The 75 J94 saddle tanks were designed by Riddles and built by the Hunslet Engine Company. They were War Department Austerity locomotives, which the LNER bought in 1946. They had a 4F power classification under BR. All had been withdrawn from BR service by 1967, with some being sold on to the National Coal Board and 2 surviving into preservation – Nos. 68077 and 68078.
The first engines I recorded that started with a number 6
were the three J94s that resided at Bidston sheds. In fact, they were the only
Eastern locomotives shedded anywhere on Merseyside in 1960/1. They were very
familiar engines to us, as we could often see them from the electric trains
between New Brighton and Liverpool. At the time, I had no idea what they were
doing at Bidston except that as strong tank engines with a short wheelbase they
were suitable for dock working. The historical connections with the old Great
Central Railway were not of any immediate interest to me then.
We could also see them pottering about on the dock road from
the top deck of the numbers 10 and 11 buses that ran over the bridges between
Wallasey and Birkenhead and when using the footbridge over the lines next to
Bidston station during cross-country runs from school. Cross country was what
you had to do on a Wednesday afternoon if you wanted to avoid playing rugby.
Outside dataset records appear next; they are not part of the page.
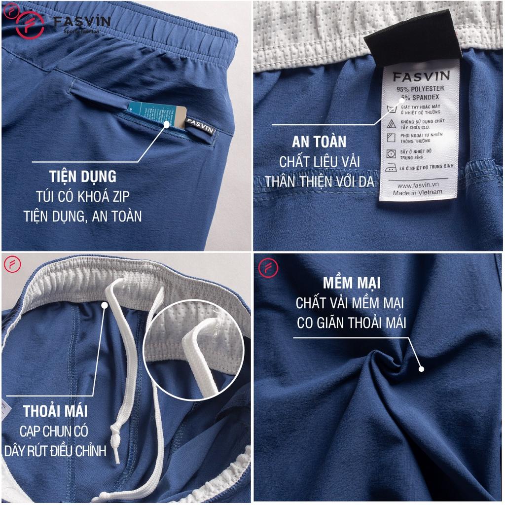 => Quần đùi nam ngắn chạy bộ FASVIN vải Dù Gió nhẹ mát có khóa túi tiện dụng thể thao hay mặc nhà được sản xuất trong nhà máy của FASVIN tại Việt Nam. Với
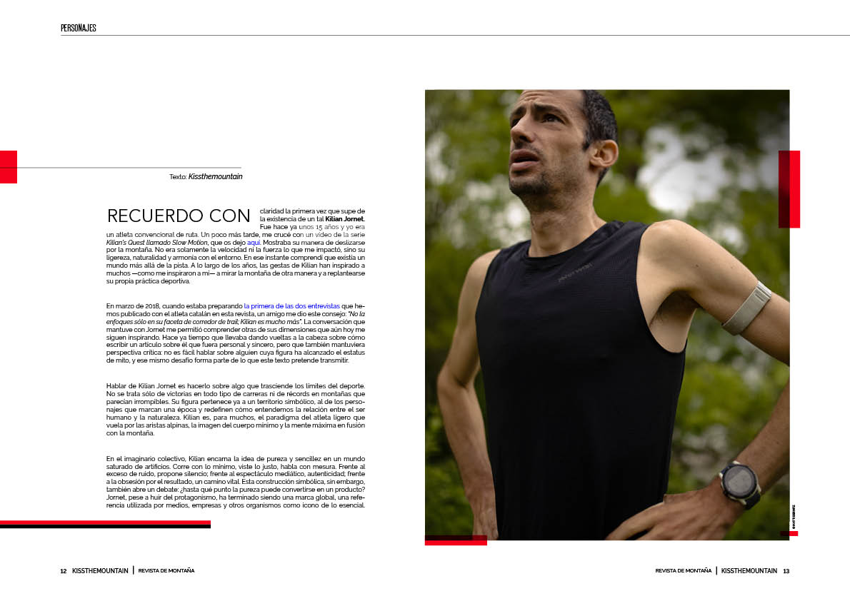 En marzo de 2018, cuando estaba preparando la primera de las dos entrevistas que hemos publicado con el atleta catalán en esta revista, un amigo me dio este consejo: “No la enfoques sólo en su faceta de corredor de trail; Kilian es mucho más”. La conversación que mantuve con Jornet me permitió comprender otras de sus dimensiones que aún hoy me siguen inspirando. Hace ya tiempo que llevaba dando vueltas a la cabeza sobre cómo escribir un artículo sobre él que fuera personal y sincero, pero que también mantuviera perspectiva crítica: no es fácil hablar sobre alguien cuya figura ha alcanzado el estatus de mito, y ese mismo desafío forma parte de lo que este texto pretende transmitir.
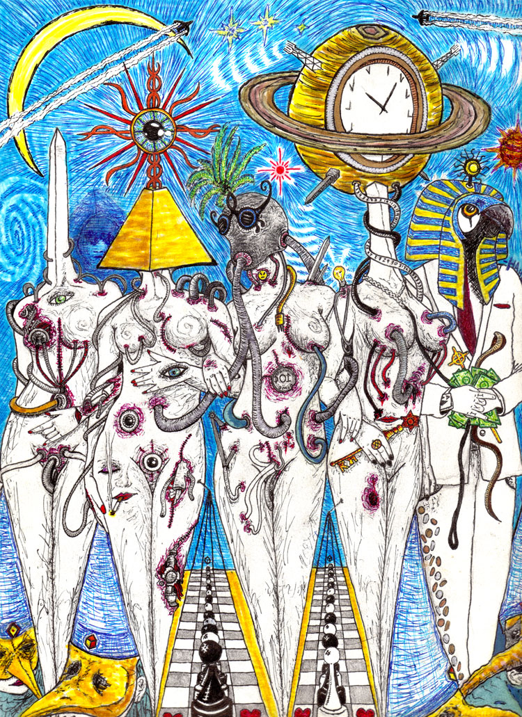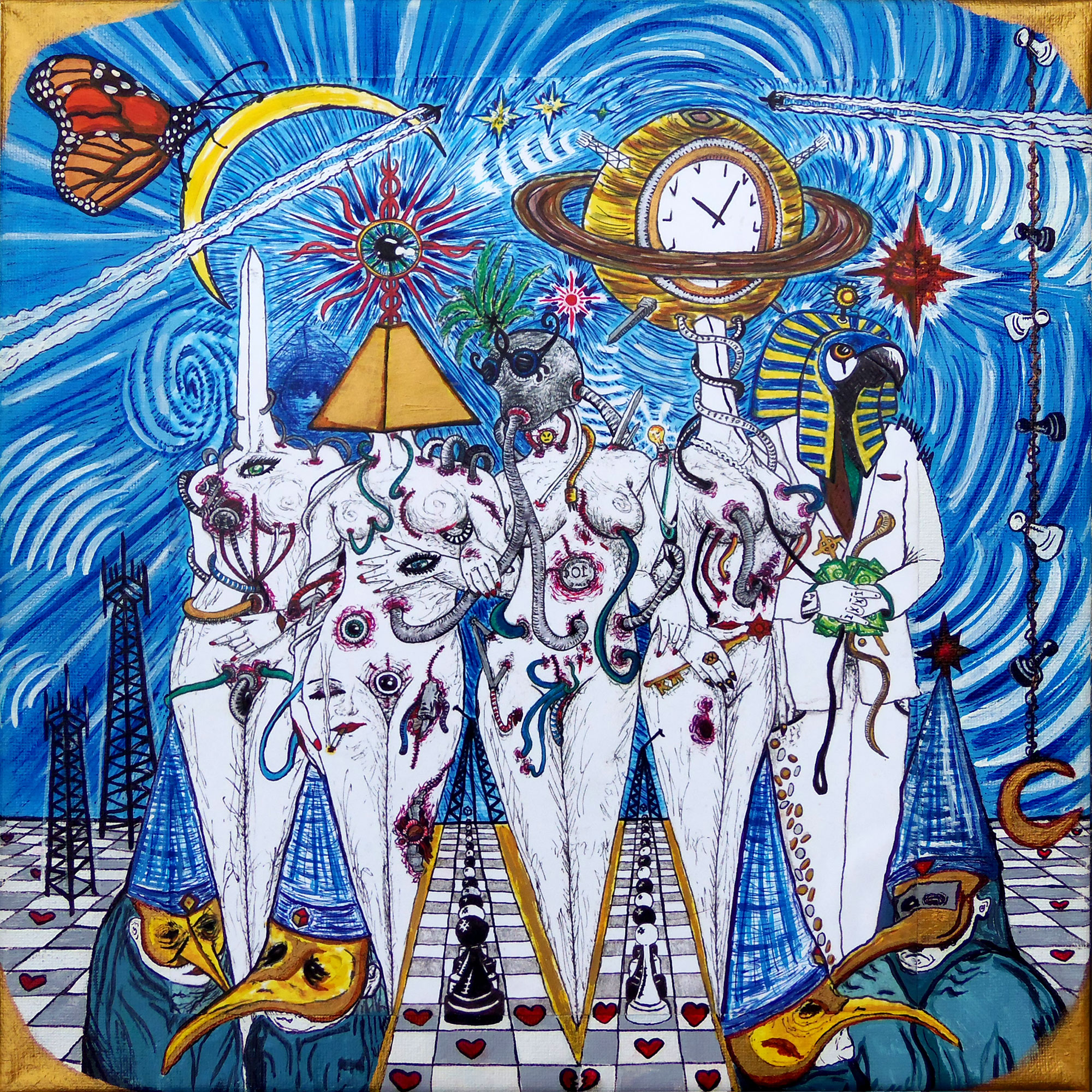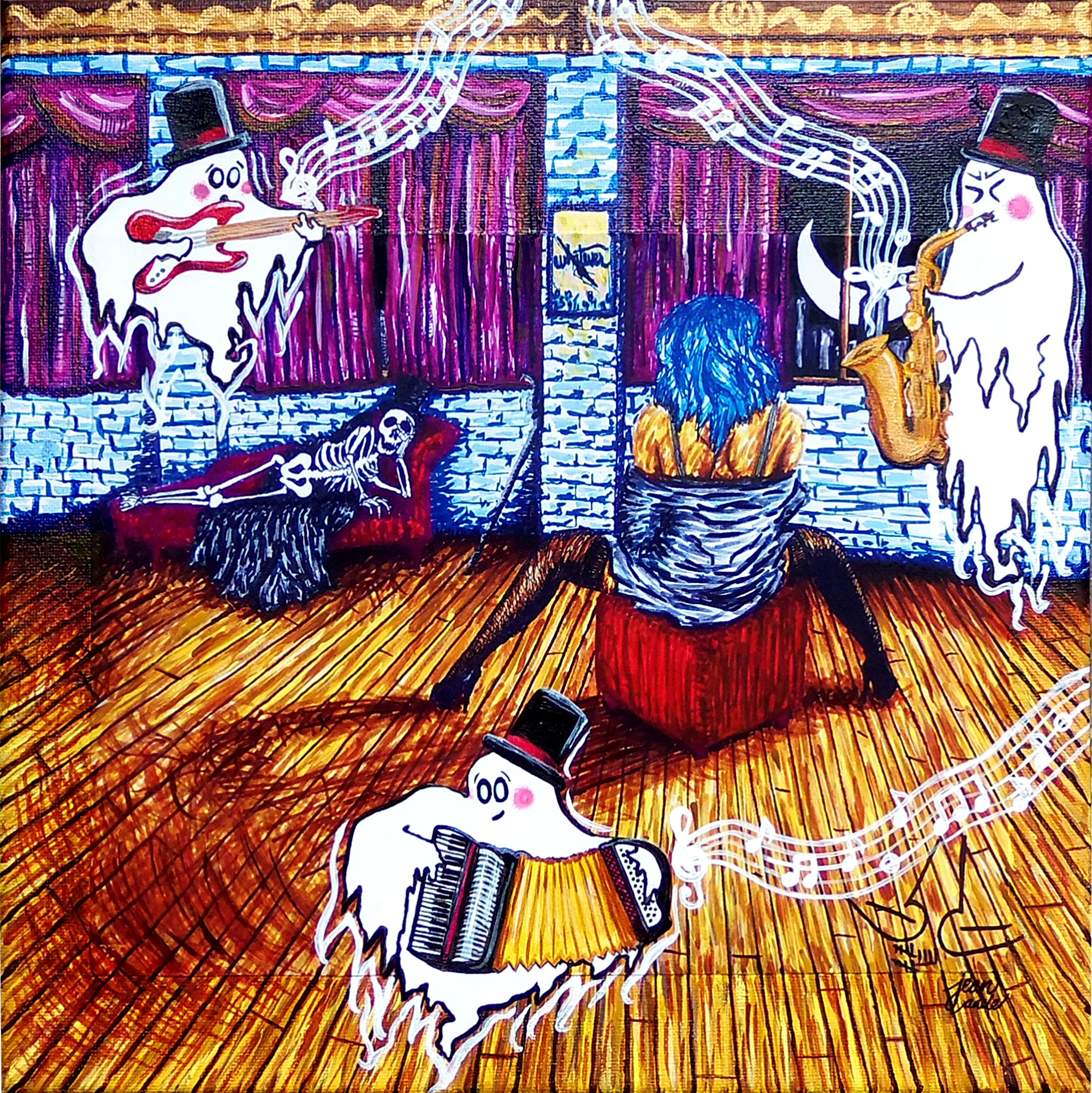 The following Outside the Border Series is a collaboration of prints by Brandon Douglass, applied to a canvas where Jean painted outside of the original work by Brandon... mixing his marker art style with her acrylic painting style:
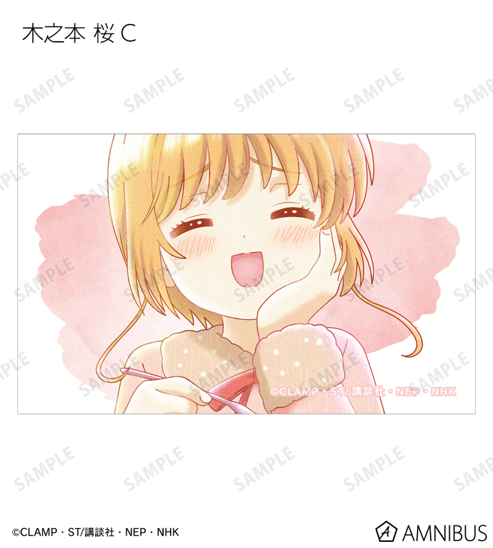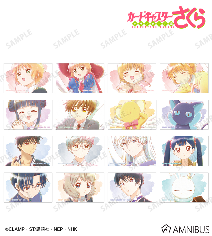 木之本 桜、大道寺 知世、李 小狼、ケロちゃん、スッピー、木之本 桃矢、月城 雪兎、月(ユエ)、李 苺鈴、柊沢 エリオル、詩之本 秋穂、ユナ・D・海渡、モモのイラストを新たなタッチで魅力的に表現し、クリアカードに仕上げました。
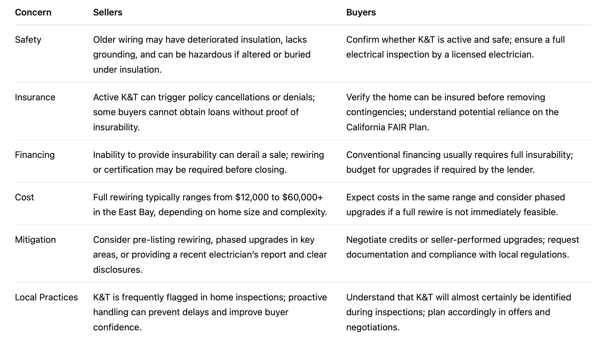 K&T Summary Table
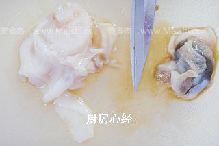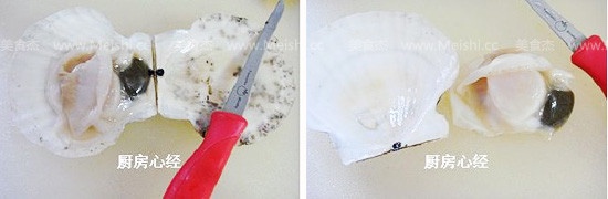 用小刀贴近平面,割断链接肌,打开扇贝,拿下贝肉。保留凸的贝壳,容易塞进粉丝啊
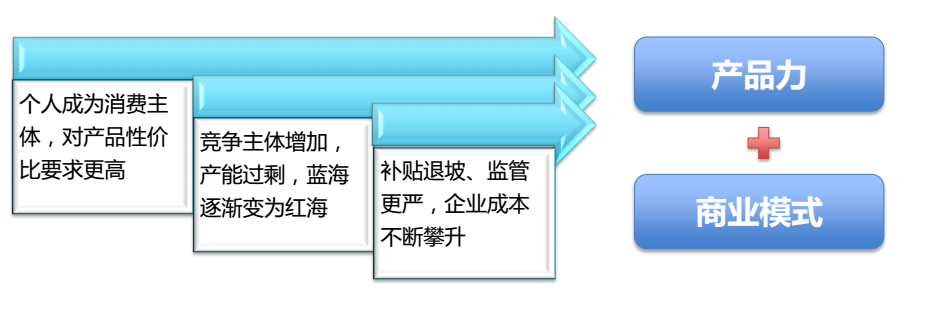 對于未來的新能源企業(yè)的核心競爭力應該是兩大塊,一塊是產品力,因為新能源汽車整車首先向所有的客戶提供的是一個產品,它是一個交通工具。但是,和傳統(tǒng)的汽車行業(yè)的從業(yè)者比起來,有上百年的積累,對于新能源行業(yè)的從業(yè)者來說,很難在短短的5年到10年內完成別人用100年甚至更長時間完成所做的工作,所以未來新能源行業(yè)發(fā)展應該是產品技術的創(chuàng)新和商業(yè)模式的創(chuàng)新相結合,向客戶提供一個更完美、更便捷、成本更低、性價比更高的一個綜合的出行方案。要解決客戶的痛點,對產品的性價比要求更高,要解決企業(yè)面臨的現(xiàn)金流、成本包括市場售后服務各項壓力。但是如何去解決,那就是要找出如何把產品和商業(yè)模式結合,充分發(fā)揮產品的優(yōu)勢解決客戶的問題,同時利用商業(yè)模式的創(chuàng)新,降低由于新能源產品成本偏高帶來的困境。

The specified route took us from the rugby club changing rooms in the grounds
of St George’s School on Leasowe Road across Bidston Moss, where the M53
motorway now flies over the original landscape on a viaduct, as far as the top
of Bidston Hill and back. It was a rather bleak and undeveloped area at that
time and the railway, with its comparatively remote station, junctions, sidings
and the sheds [6F] in this low and boggy part of the Wirral, was the
predominant user of the land.
Bidston sheds had been a haunt for John Dyer for a few years before I first visited it by bike, taking the tracks that followed the railway line over the moss. His photos of the 3 Class J94s, Nos 68063, 68065 and 68066, were all taken either at Bidston station, on shed, or at Birkenhead docks. Bidston closed in 1963 and its allocation went to Birkenhead Mollington Street [6C then 8H], though our 3 J94s had all been withdrawn during the previous year.